Peningkatan status aktivitas gunungapi Slamet menjadi awas (level III) pada 12 Agustus 2014 silam oleh Pusat Vulkanologi dan Mitigasi Bencana Geologi (PVMBG) memberi sinyal waspada terhadap penduduk sekitar Purbalingga, Jawa Tengah. Gunungapi Slamet bertipe strato berbentuk kerucut, secara administratif terletak di 5 wilayah kabupaten provinsi Jawa Tengah yakni Pemalang, Banyumas, Brebes, Tegal, Purbalingga dan secara geografis terletak pada posisi 7o 14’ LS, 109o 12’ BT dengan ketinggian 3432 meter di atas permukaan laut (PVMBG).

Pada 10 Maret lalu aktivitas gunung Slamet naik dari status normal ke status waspada, 30 Maret naik menjadi siaga, 12 Mei sempat turun menjadi waspada, lalu 12 Agustus kembali menjadi siaga hingga kini. Dikhawatirkan erupsi yang terjadi hingga kini dapat mengganggu aktivitas warga di sekitarnya akibat sebaran material abu vulkanik.  Tidak hanya abu vulkanik, Pusat Vulkanologi dan Mitigasi Bencana Geologi (PVMBG) memberikan sinyal potensi bahaya lontaran batu pijar terhadap wilayah dengan radius 4 km dari pusat erupsi. Tak hanya itu, lahar juga dapat mengalir ke lembah-lembah sungai yang berhulu di gunung Slamet. Diperkirakan saat terjadi hujan daerah barat dan barat laut akan terkena lahar karena bukaan sumbernya yang mengarah ke barat dan barat laut.

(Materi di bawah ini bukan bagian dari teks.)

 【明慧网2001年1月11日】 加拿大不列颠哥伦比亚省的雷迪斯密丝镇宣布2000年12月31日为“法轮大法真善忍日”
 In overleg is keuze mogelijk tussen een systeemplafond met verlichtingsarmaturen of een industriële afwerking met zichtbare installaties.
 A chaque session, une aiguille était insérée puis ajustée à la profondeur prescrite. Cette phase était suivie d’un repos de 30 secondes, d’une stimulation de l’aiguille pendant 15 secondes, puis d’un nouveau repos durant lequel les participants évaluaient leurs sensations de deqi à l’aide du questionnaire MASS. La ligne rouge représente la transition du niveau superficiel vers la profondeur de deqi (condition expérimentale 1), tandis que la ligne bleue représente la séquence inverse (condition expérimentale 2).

Kita ingat sejenak serangkaian duka yang pernah dialami ibu pertiwi. Masih hangat peringatan 9 tahun megatsunami yang melanda Banda Aceh 26 Desember 2004 silam meluluhlantahkan sisi utara dan barat Negeri Serambi Mekah. Megatsunami tersebut merenggut ratusan ribu korban jiwa, puluhan ribu jiwa hilang dan kerugian hingga angka triliun. Megatsunami Aceh menjadi bencana tsunami terparah yang pernah dialami Indonesia akibat gempabumi tektonik. Tak hanya Indonesia, negara-negara tetangga seperti Thailand, India, Sri Lanka, Maladewa, bahkan sisi timur Afrika seperti Somalia merasakan efek buruk dari bencana tsunami tersebut. Dua tahun kemudian pada 27 Mei 2006 ibu pertiwi kembali menangis ketika rangkaian gempabumi kuat melanda Daerah Istimewa Yogyakarta (DIY). Gempabumi tersebut juga menghancurkan bangunan-bangunan strategis dan merenggut ribuan jiwa.

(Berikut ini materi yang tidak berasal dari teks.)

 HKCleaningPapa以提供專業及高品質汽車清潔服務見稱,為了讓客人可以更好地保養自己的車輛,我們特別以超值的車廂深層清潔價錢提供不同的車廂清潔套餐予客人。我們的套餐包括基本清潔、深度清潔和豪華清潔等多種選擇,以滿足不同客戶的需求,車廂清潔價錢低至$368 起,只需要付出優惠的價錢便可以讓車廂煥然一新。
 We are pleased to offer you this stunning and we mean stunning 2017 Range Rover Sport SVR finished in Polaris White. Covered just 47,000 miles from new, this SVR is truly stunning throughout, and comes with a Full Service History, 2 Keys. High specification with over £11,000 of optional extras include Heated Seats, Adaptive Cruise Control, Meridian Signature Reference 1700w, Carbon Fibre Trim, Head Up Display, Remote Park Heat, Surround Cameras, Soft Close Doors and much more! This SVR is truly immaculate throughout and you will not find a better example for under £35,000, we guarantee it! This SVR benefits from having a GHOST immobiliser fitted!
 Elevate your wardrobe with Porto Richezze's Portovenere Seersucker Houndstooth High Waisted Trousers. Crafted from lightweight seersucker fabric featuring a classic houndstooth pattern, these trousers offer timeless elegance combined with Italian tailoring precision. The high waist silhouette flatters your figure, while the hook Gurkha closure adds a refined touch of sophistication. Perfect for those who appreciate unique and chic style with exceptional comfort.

Bencana alam di negeri Indonesia tidak bisa dihindari. Beragam bencana banjir, gempabumi, tsunami, tanah longsor, erupsi gunung api, iklim ekstrim, kebakaran hutan, dan lainnya akan terus menjadi pencuri di malam hari bagi negeri ini. Tidak ada seorangpun ilmuwan yang dapat memastikan bahwa Indonesia aman dari bencana sehari saja. Fakta ini membuktikan bahwa bencana alam mau tidak mau harus dikenal dan diwaspadai dampaknya, terkhusus kepada efek buruk yang berpotensi mengancam korban jiwa. Upaya awal yang umumnya dilakukan oleh masyarakat umum pra-bencana adalah melakukan mitigasi bencana.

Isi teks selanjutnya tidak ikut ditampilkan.